- PROBLEM DETAILS:
Print the listing below word for word, but drop any pictures it contains.

- DATA SHOWN:
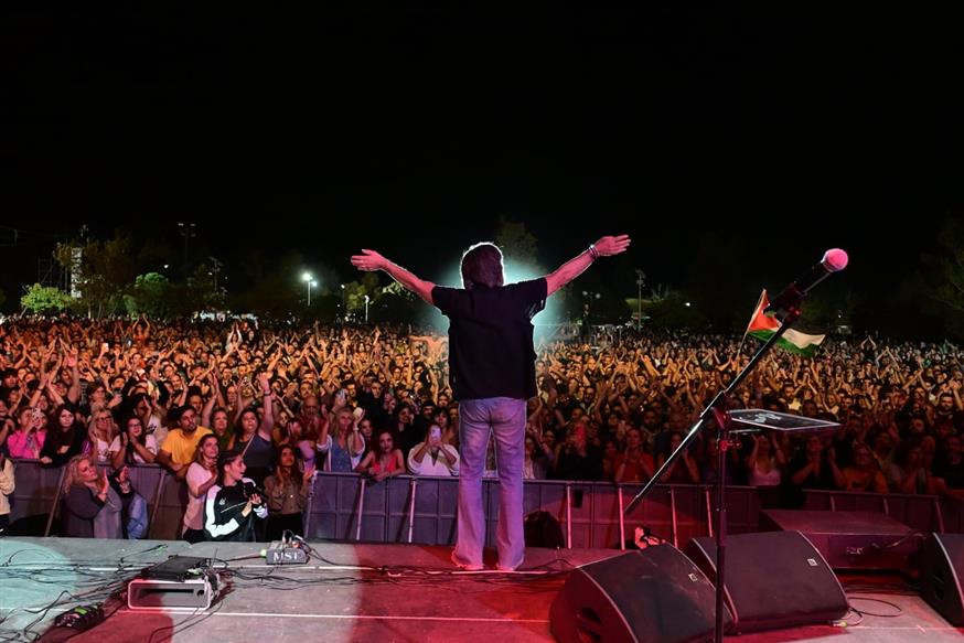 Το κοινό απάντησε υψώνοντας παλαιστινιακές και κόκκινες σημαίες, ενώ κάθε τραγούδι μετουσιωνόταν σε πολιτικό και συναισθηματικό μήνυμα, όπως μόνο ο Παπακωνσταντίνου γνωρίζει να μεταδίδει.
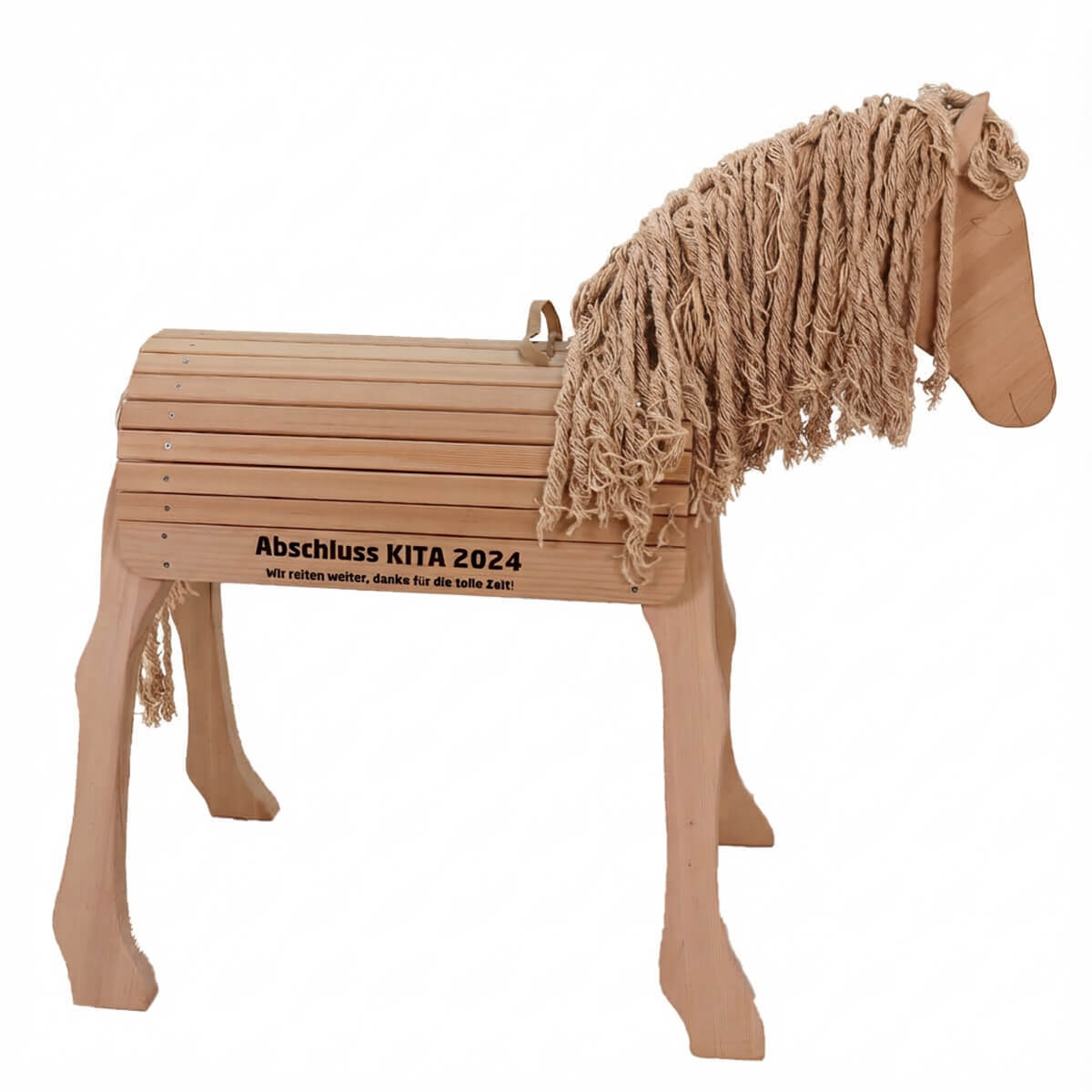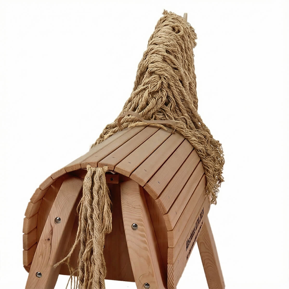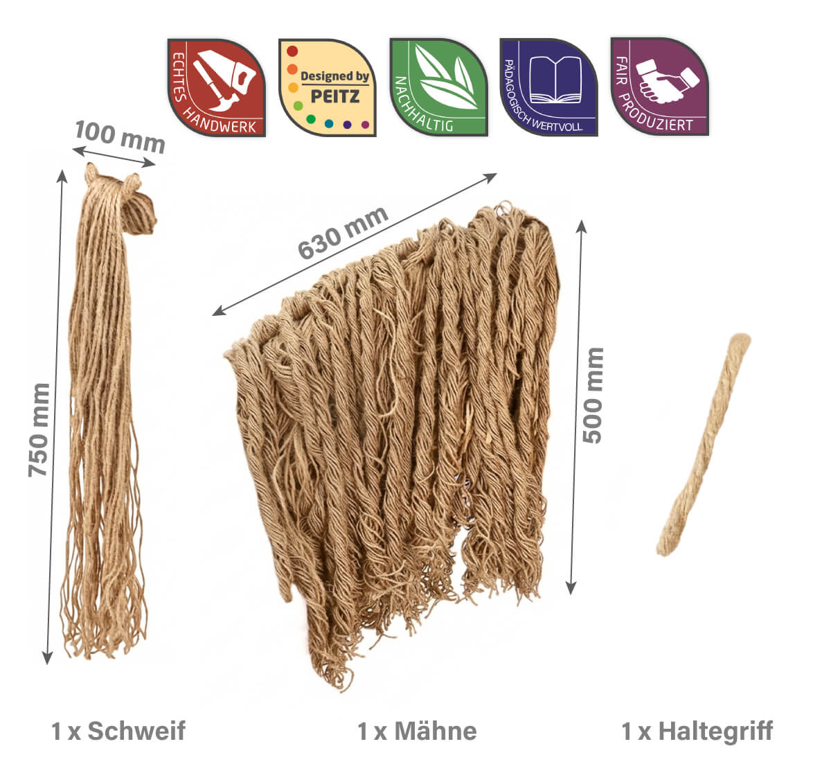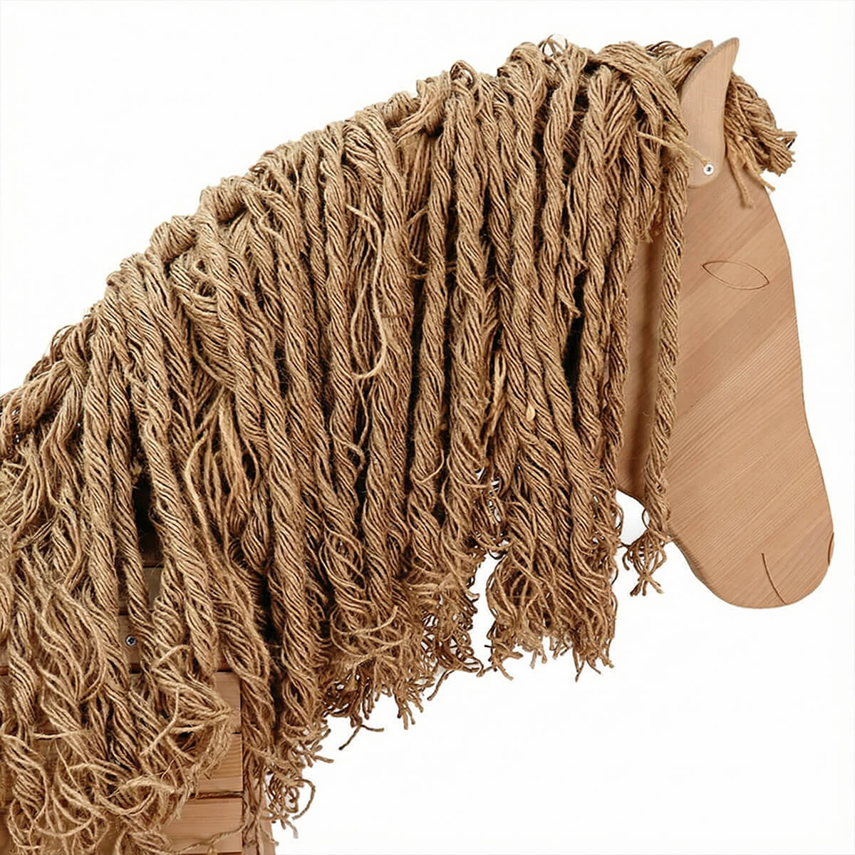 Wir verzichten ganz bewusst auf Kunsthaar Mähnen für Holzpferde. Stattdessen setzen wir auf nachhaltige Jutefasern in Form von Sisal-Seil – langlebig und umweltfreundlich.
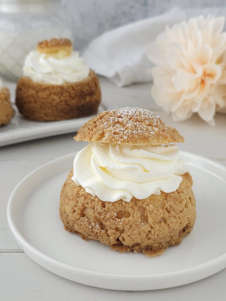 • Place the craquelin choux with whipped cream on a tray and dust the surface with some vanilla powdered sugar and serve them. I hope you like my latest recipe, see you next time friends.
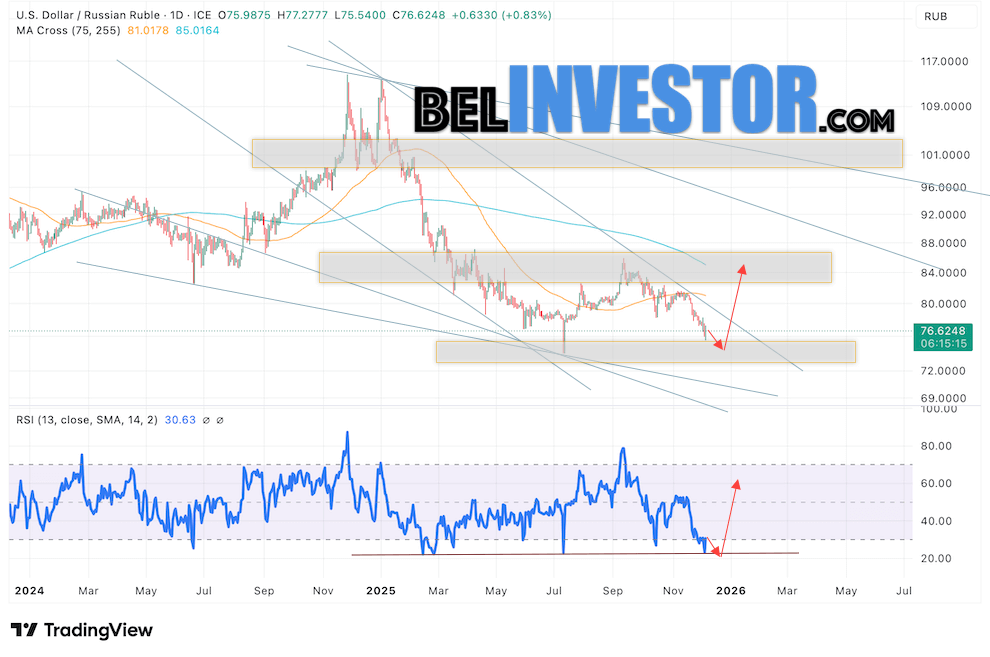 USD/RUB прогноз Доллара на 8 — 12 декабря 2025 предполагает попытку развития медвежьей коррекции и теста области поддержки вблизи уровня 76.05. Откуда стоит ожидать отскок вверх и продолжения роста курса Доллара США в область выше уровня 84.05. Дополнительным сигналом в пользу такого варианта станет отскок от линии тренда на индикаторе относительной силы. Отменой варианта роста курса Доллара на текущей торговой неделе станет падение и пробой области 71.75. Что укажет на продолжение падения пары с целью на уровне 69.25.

- REPLY TO THE EXERCISE:
 Το κοινό απάντησε υψώνοντας παλαιστινιακές και κόκκινες σημαίες, ενώ κάθε τραγούδι μετουσιωνόταν σε πολιτικό και συναισθηματικό μήνυμα, όπως μόνο ο Παπακωνσταντίνου γνωρίζει να μεταδίδει.
 Wir verzichten ganz bewusst auf Kunsthaar Mähnen für Holzpferde. Stattdessen setzen wir auf nachhaltige Jutefasern in Form von Sisal-Seil – langlebig und umweltfreundlich.
 • Place the craquelin choux with whipped cream on a tray and dust the surface with some vanilla powdered sugar and serve them. I hope you like my latest recipe, see you next time friends.
 USD/RUB прогноз Доллара на 8 — 12 декабря 2025 предполагает попытку развития медвежьей коррекции и теста области поддержки вблизи уровня 76.05. Откуда стоит ожидать отскок вверх и продолжения роста курса Доллара США в область выше уровня 84.05. Дополнительным сигналом в пользу такого варианта станет отскок от линии тренда на индикаторе относительной силы. Отменой варианта роста курса Доллара на текущей торговой неделе станет падение и пробой области 71.75. Что укажет на продолжение падения пары с целью на уровне 69.25.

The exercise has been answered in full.